If you only use on-demand feature groups then yes, every time you use the on-demand feature group to create a training dataset, you’ll be using the most recent value of the data in the external source. If, on the other hand, you do additional data engineering and saved the result in cache feature groups (as explained above) then you need to define a periodic job that pulls data, compute the new features and save them.

Let me know if that answer your questions.

–
Fabio

Arumugaguru_M · March 12, 2021, 11:57am

Hi Fabio,

Thanks a lot for a detailed answer, one clarification in the answer

As said by you, we will have an on-demand feature group and do transformation from it and cache the data into an offline Feature Group with time travel enabled using HUDI.

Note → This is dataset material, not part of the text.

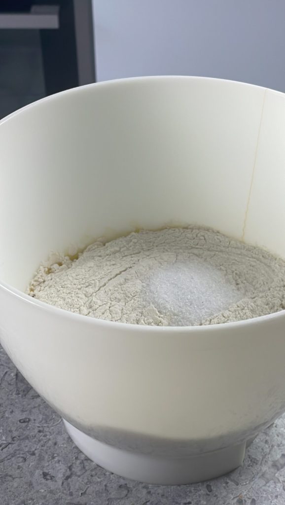 Commencez la préparation des croissants salés de pan brioche en mettant dans le bol du robot pâtissier le lait et en versant la levure de bière sèche en pluie.

The newly created offline feature group will have a spark job associated with it (it is my understanding), and we have seen there is an option to schedule those spark job in the Job-UI, will this pull the record from the on-demand feature group and update the record with time travel option?

If it is not possible, do we have to create any airflow job to capture the data from the source and do transformation?

In a simple word, for automatically updating the offline feature group is there any airflow job/ script is required (or) it is inbuilt available with the offline feature group and Spark job of it?

Thanks,
Guru

Fabio · March 14, 2021, 9:50pm

You can setup a Job in Hopsworks and schedule it using the Jobs UI, or by creating an Airflow dag. We provide an Airflow operator that allows you to launch Jobs in Hopsworks from Airflow. So, if you decide to use the Airflow route, you’ll just need a single stage that triggers a Job in Hopsworks, you don’t have to do any data manipulation in Airflow itself. There is also a UI wizard to make it easier to generate Airflow Dags that trigger Hopsworks Jobs.

You can also develop the transformations/feature engineering in a Jupyter notebook and then convert that notebook into a Job to be scheduled as described above.

The incremental pulling comes from scheduling a Job, the feature store doesn’t do that automatically.

Let me know if that answer your question.

–
Fabio

Arumugaguru_M · March 16, 2021, 4:44am

Thanks, Fabio. I was able to create a job and load the data from an external source to Feature Store.